# VTC mini battery issue?



## herb1 (3/4/17)

Hey y'all

Fitted a new wrapped coil (26ga Twisted Kanthal @ 0.10Ω; 3mm ID, 5 wraps) over the weekend and experienced sumthing strange with the battery display on the VTC mini.

After pressing fire button to take a puff, I noticed that the battery life indicator went empty for 1 second and a second later, showed where it is was before the fire button was pressed

Is it my battery that's weakening

Also, I have on POWER mode but can't increase wattage beyond 62.5W?


----------



## BumbleBee (3/4/17)

You're pulling more power from the battery than the mod can handle. Every time you fire the mod "resets" as a type of safety feature, you will also notice that it doesn't count that puff either. 

These mods can technically fire that coil but in practice they don't do it very well. Build at a higher resistance (at least 0.2) or consider a bigger mod if you feel the need to build that low.

Reactions: Like 2 | Thanks 1


----------



## herb1 (3/4/17)

Looks like I'll have to reduce inner diameter of wrap then


----------



## SmokeyJoe (3/4/17)

herb1 said:


> Hey y'all
> 
> Fitted a new wrapped coil (26ga Kanthal @ 0.10Ω) over the weekend and experienced sumthing strange with the battery display on the VTC mini.
> 
> ...


Yeah, couldnt finish reading your post after i looked at your avatar

Reactions: Funny 3 | Can relate 1


----------



## BumbleBee (3/4/17)

herb1 said:


> Looks like I'll have to reduce inner diameter of wrap then


at the very least, yes. And maybe chuck an extra wrap or two on the coil if space allows.

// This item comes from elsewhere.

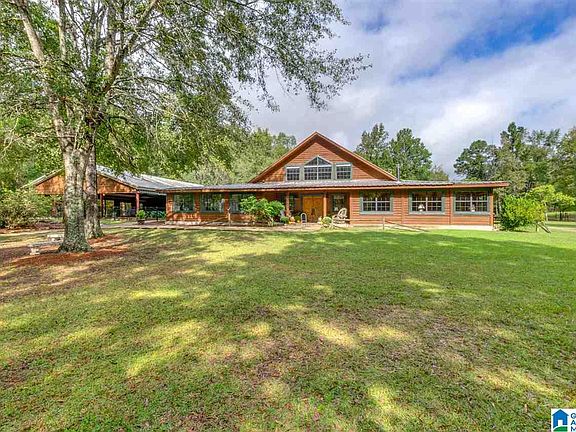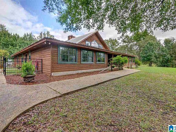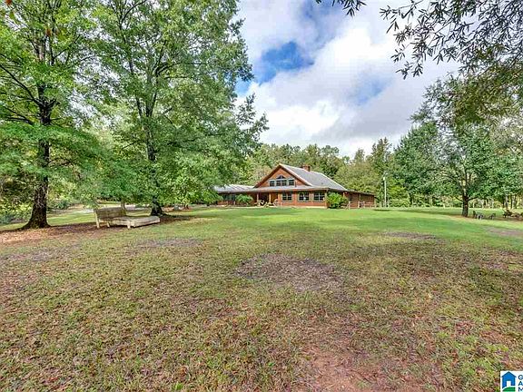 THE GREAT ESCAPE awaits you in Jemison, Alabama. This custom 1.5 story rustic lodge-style home is secluded and sits on 10 beautiful fenced acres. Its full of nature and situated near Anderson Lake 10 minutes from I-65. The builder made space for everyone when he included 5 spacious bedrooms and 3 full bathrooms. The interior is stained with v groove pine walls and beamed ceilings! Stunning oak and slate flooring throughout. This home was definitely built by craftsmen with attention to detail. 30 ft cathedral ceilings with fireplace to ceiling in massive Great Room. Huge Master with fireplace, large Master Bath with giant walk-in double closets and jetted tub. Large, open kitchen with solid surface countertops, walk-in pantry, center island and dining room to seat at least 12. Off the kitchen is a large room for office/study or rec/pool room, or second den. Acreage is flat to rolling fenced pasture with large hardwoods. Covered, inground pool. Fruit trees, too much to mention.

Also make sure that all your connections are secure, a loose post screw can play a big part in throwing off your resistance.

Reactions: Like 1


----------



## herb1 (4/4/17)

Fixed.
Dropped ID from 3mm to 2.4mm, 5 wraps of Kanthal Twisted
Now reading 0.14Ω; getting max 75w but 65w is sufficient

Thanks @BumbleBee

Reactions: Like 1


----------